YOUR TASK:
Starting with the line that has "inicia el comunicado." and finishing with the line that has "Kokemäenjoen vesistöalue - Jalanti: Tulovirtaama", set down each line below exactly. Pictures are not copied.

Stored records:
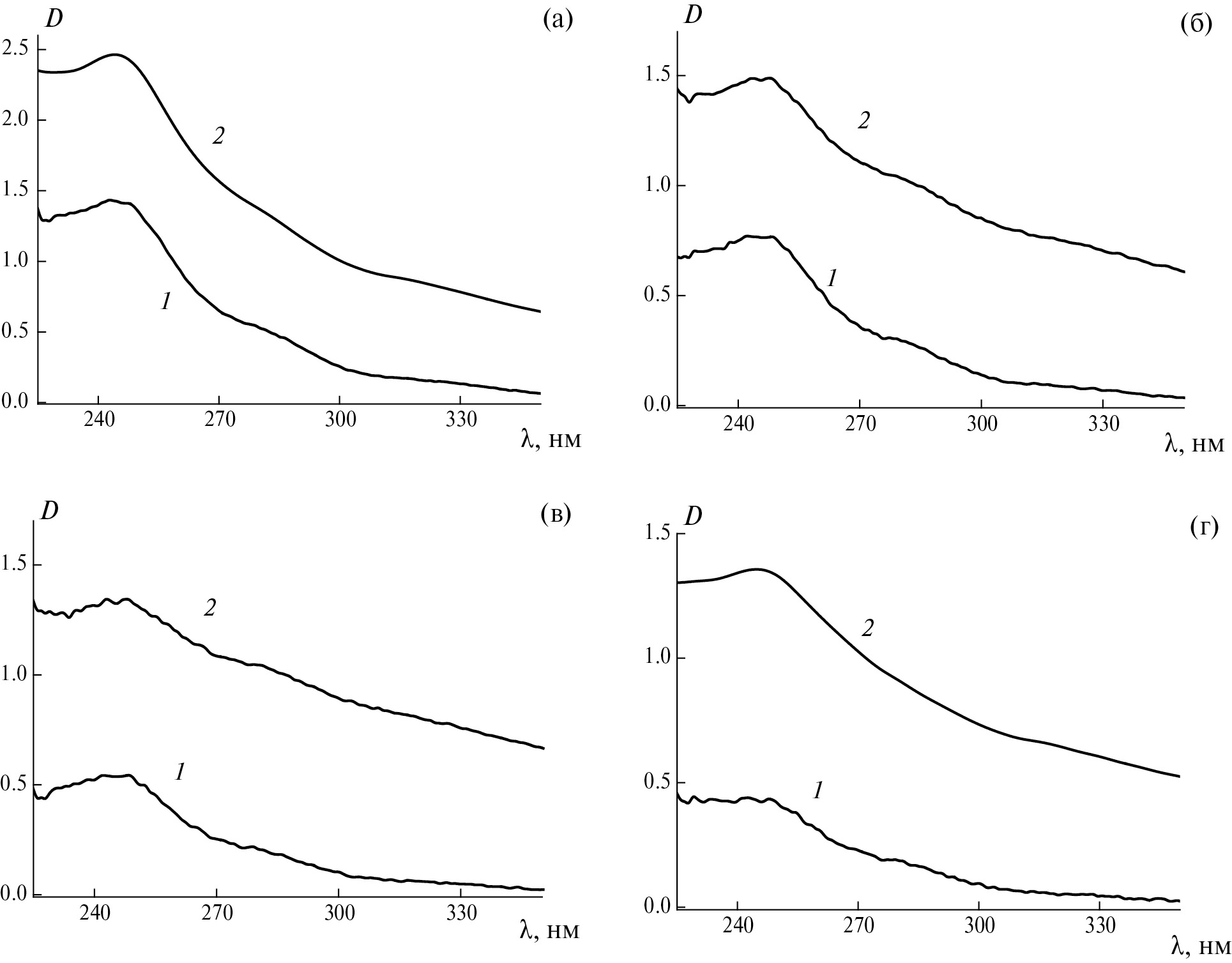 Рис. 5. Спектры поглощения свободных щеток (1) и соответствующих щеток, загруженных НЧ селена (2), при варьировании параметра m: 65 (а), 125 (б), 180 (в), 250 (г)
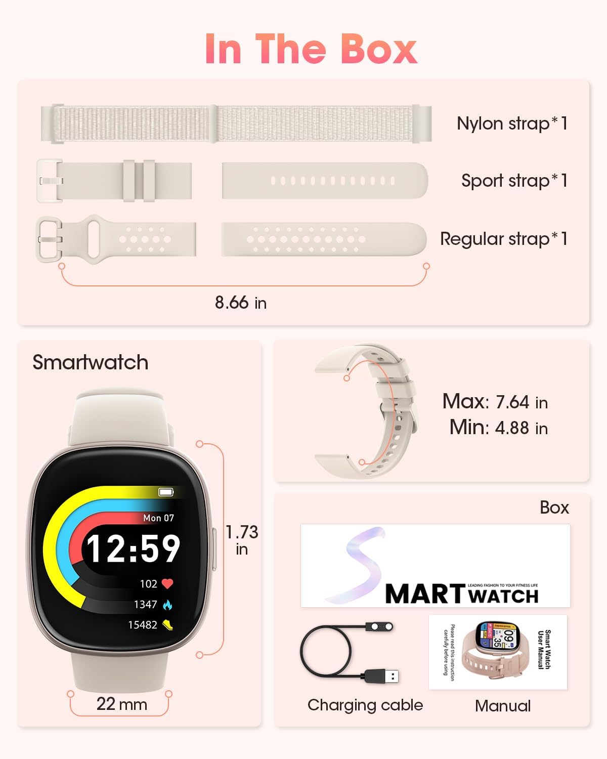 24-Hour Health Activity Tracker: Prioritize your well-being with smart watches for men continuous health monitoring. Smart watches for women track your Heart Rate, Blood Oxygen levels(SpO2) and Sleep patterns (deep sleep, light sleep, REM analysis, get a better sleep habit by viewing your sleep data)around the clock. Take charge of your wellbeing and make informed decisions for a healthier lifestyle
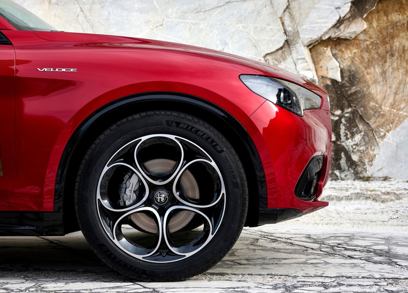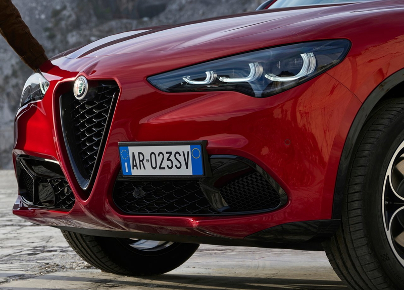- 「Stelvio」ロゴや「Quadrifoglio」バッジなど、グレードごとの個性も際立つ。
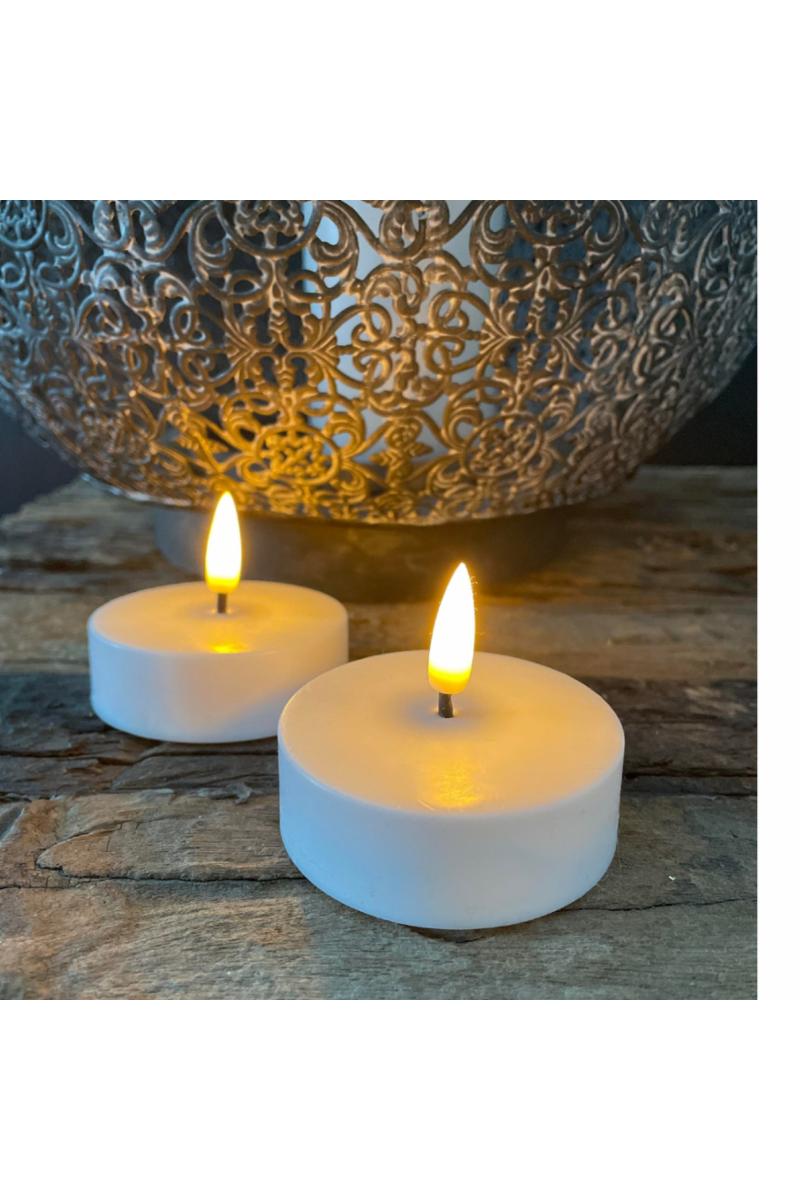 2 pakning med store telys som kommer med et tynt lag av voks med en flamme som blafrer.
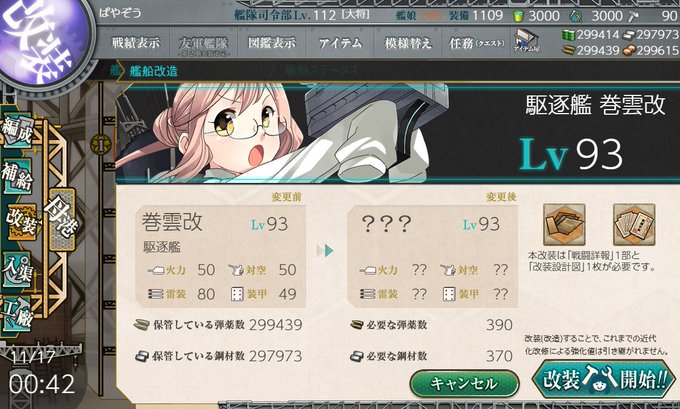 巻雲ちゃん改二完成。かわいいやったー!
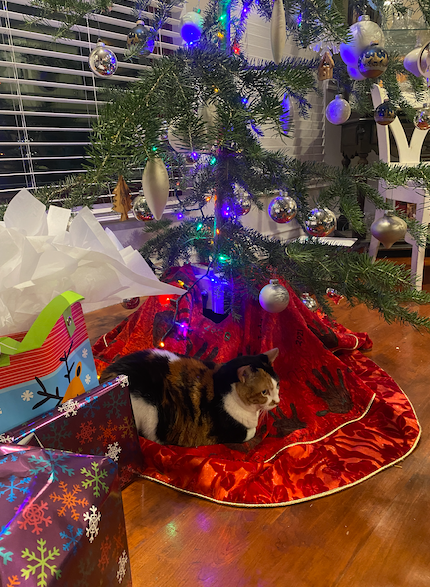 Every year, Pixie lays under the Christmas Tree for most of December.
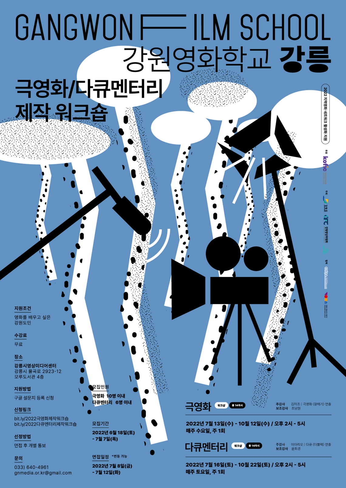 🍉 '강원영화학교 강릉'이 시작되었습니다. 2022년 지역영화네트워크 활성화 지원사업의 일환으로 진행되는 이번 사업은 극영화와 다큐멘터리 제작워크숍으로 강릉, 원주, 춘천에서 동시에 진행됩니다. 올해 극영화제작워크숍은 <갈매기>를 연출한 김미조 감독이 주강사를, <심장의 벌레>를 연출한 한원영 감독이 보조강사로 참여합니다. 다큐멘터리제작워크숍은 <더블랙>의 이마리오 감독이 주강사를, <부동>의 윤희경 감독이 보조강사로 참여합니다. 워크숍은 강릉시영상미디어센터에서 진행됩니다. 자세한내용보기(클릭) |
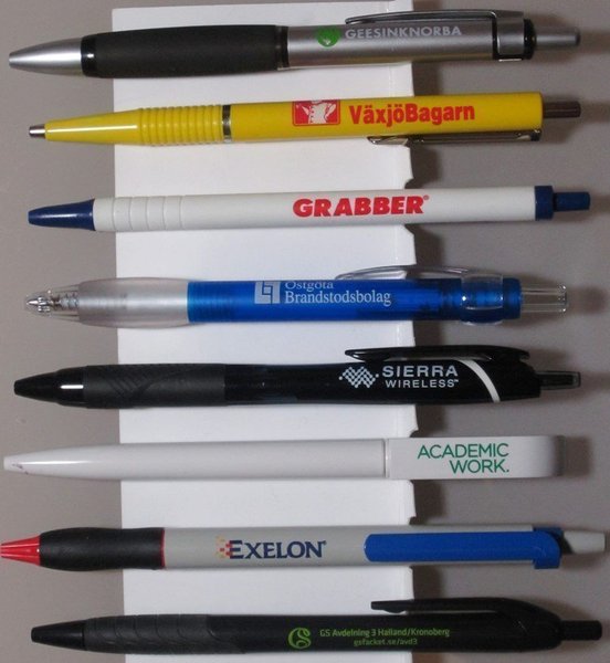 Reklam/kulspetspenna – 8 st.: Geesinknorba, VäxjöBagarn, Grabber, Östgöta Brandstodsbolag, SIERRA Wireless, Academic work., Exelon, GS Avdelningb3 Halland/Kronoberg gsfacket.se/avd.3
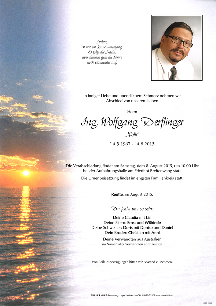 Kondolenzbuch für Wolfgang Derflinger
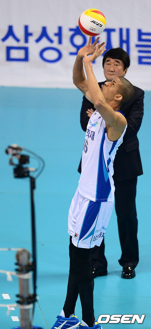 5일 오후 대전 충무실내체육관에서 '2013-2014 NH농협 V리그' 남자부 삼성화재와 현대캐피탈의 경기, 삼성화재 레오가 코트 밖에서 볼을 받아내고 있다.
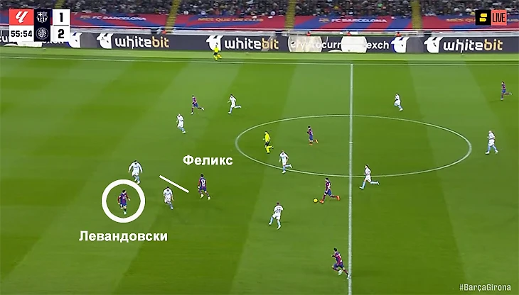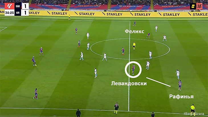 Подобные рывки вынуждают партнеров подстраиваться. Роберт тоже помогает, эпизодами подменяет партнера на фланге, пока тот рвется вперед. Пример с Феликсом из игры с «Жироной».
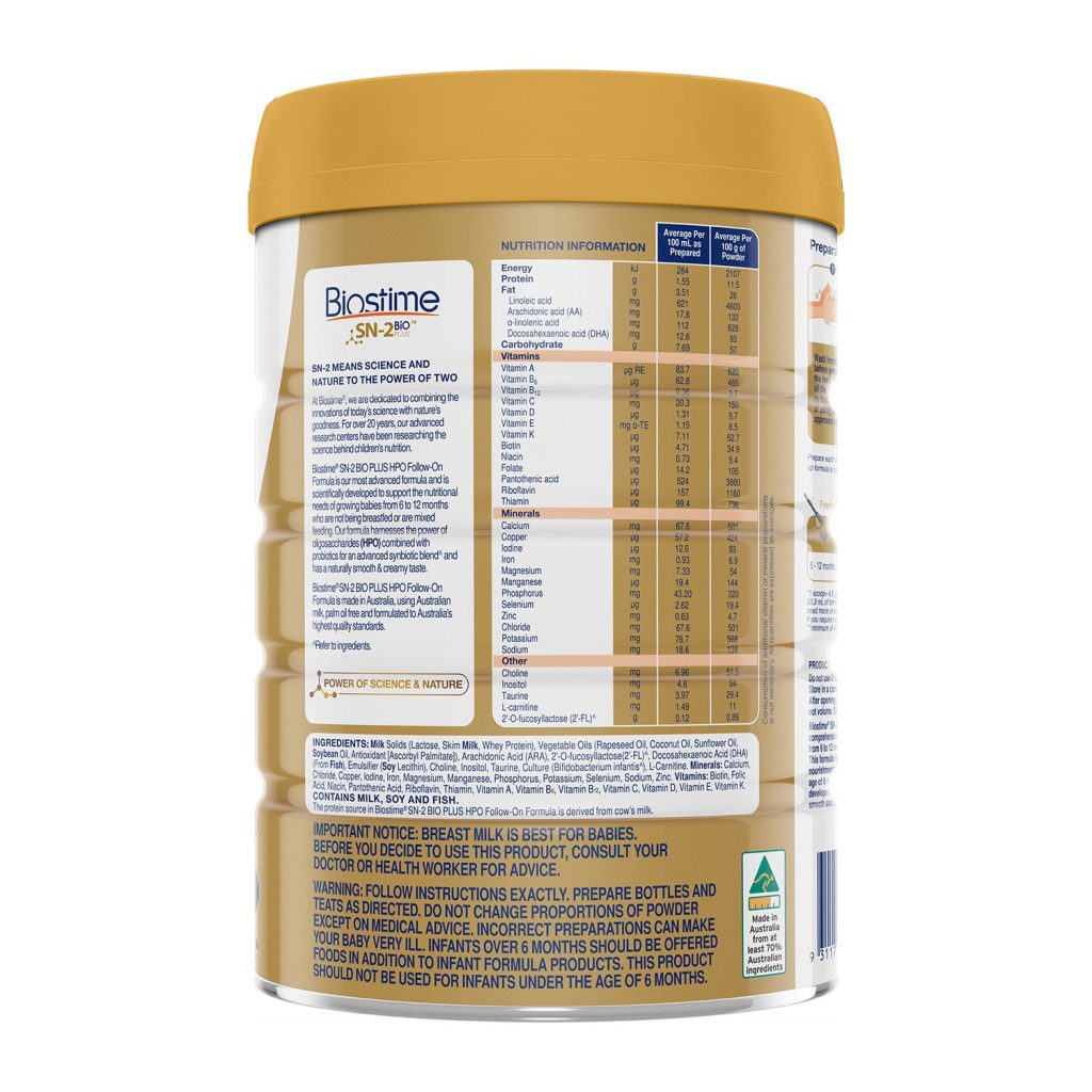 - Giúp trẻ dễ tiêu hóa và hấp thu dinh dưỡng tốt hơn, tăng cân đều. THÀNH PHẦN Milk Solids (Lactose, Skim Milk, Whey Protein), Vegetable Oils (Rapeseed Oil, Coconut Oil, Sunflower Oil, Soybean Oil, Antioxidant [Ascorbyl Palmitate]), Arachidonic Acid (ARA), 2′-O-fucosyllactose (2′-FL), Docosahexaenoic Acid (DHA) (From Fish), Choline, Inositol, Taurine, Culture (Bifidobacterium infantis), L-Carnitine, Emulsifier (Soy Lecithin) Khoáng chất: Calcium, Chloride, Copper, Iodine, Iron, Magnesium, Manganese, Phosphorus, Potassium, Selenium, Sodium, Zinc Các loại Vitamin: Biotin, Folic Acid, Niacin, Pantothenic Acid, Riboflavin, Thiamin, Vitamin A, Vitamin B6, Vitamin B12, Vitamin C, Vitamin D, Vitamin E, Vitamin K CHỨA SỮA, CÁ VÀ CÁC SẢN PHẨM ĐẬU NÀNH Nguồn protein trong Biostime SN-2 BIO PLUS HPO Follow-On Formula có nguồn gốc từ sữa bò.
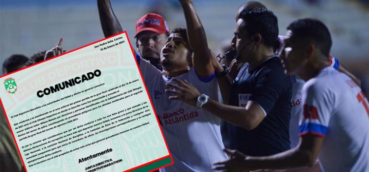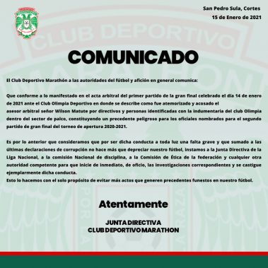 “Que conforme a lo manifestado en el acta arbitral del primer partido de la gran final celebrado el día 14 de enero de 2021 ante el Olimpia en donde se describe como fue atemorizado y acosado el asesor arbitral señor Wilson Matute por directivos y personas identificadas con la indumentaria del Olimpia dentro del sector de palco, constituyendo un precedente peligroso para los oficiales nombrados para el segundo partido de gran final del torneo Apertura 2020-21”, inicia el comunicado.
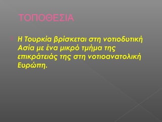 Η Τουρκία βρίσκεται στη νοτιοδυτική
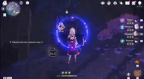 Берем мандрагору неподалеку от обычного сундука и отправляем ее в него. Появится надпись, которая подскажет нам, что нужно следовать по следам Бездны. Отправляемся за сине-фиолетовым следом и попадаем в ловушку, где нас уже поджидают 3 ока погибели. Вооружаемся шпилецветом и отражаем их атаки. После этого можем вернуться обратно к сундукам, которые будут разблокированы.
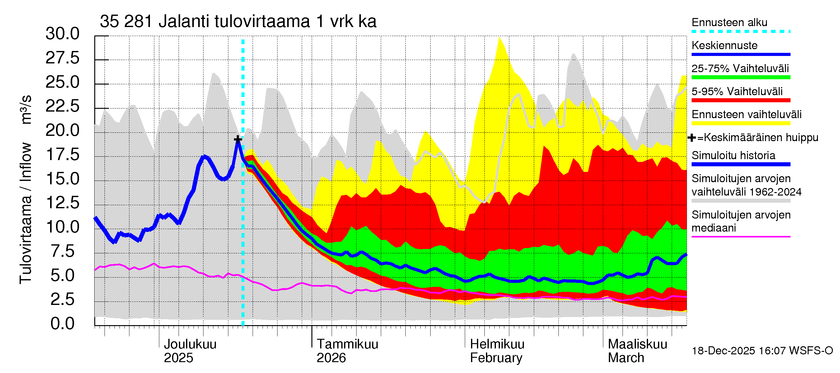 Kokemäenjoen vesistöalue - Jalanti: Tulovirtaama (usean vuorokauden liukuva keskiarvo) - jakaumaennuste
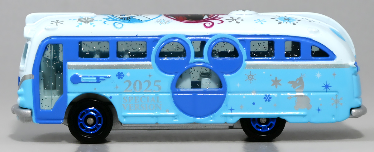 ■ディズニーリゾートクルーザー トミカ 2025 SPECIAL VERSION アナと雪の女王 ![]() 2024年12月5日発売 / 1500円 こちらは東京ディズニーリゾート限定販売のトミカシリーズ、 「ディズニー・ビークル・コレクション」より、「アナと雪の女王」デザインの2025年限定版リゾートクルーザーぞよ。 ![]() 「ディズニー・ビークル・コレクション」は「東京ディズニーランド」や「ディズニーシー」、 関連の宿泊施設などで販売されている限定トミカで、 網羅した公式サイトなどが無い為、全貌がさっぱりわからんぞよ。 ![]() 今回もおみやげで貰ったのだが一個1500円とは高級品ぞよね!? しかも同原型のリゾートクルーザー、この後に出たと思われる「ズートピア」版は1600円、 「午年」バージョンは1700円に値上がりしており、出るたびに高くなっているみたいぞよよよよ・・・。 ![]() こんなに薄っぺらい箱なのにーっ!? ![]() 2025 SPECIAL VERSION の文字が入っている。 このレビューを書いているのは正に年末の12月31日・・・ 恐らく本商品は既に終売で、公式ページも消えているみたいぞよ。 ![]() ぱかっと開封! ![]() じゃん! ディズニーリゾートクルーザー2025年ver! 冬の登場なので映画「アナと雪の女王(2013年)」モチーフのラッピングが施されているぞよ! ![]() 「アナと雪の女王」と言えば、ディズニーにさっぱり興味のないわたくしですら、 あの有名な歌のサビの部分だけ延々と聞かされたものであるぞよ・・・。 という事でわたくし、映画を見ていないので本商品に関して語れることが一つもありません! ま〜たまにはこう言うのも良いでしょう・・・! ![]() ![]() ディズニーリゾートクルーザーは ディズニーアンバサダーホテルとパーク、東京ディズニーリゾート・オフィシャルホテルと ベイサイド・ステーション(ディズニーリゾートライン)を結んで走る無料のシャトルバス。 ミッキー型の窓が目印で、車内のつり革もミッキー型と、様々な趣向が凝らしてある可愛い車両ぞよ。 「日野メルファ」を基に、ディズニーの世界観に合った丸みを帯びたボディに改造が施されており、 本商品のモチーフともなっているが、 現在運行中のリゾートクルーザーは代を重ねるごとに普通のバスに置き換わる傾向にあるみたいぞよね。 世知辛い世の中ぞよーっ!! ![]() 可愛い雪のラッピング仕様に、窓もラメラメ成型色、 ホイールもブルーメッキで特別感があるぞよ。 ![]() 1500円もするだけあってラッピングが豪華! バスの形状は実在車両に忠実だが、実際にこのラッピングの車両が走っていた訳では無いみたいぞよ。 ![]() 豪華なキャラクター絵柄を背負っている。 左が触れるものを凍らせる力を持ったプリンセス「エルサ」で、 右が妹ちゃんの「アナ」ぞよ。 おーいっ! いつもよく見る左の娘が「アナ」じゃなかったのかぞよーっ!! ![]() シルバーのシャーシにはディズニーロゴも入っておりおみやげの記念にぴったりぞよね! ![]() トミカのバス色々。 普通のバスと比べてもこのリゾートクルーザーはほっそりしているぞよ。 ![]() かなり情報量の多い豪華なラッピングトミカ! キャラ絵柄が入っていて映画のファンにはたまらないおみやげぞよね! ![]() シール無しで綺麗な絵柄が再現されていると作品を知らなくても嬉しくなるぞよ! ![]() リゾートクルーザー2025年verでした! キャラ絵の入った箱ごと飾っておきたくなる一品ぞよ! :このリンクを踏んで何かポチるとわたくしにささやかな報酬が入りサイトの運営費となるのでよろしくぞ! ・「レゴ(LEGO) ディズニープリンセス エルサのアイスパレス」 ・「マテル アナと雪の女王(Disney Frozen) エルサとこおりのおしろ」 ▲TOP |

FINAL ANSWER:
 “Que conforme a lo manifestado en el acta arbitral del primer partido de la gran final celebrado el día 14 de enero de 2021 ante el Olimpia en donde se describe como fue atemorizado y acosado el asesor arbitral señor Wilson Matute por directivos y personas identificadas con la indumentaria del Olimpia dentro del sector de palco, constituyendo un precedente peligroso para los oficiales nombrados para el segundo partido de gran final del torneo Apertura 2020-21”, inicia el comunicado.
 Η Τουρκία βρίσκεται στη νοτιοδυτική
 Берем мандрагору неподалеку от обычного сундука и отправляем ее в него. Появится надпись, которая подскажет нам, что нужно следовать по следам Бездны. Отправляемся за сине-фиолетовым следом и попадаем в ловушку, где нас уже поджидают 3 ока погибели. Вооружаемся шпилецветом и отражаем их атаки. После этого можем вернуться обратно к сундукам, которые будут разблокированы.
 Kokemäenjoen vesistöalue - Jalanti: Tulovirtaama (usean vuorokauden liukuva keskiarvo) - jakaumaennuste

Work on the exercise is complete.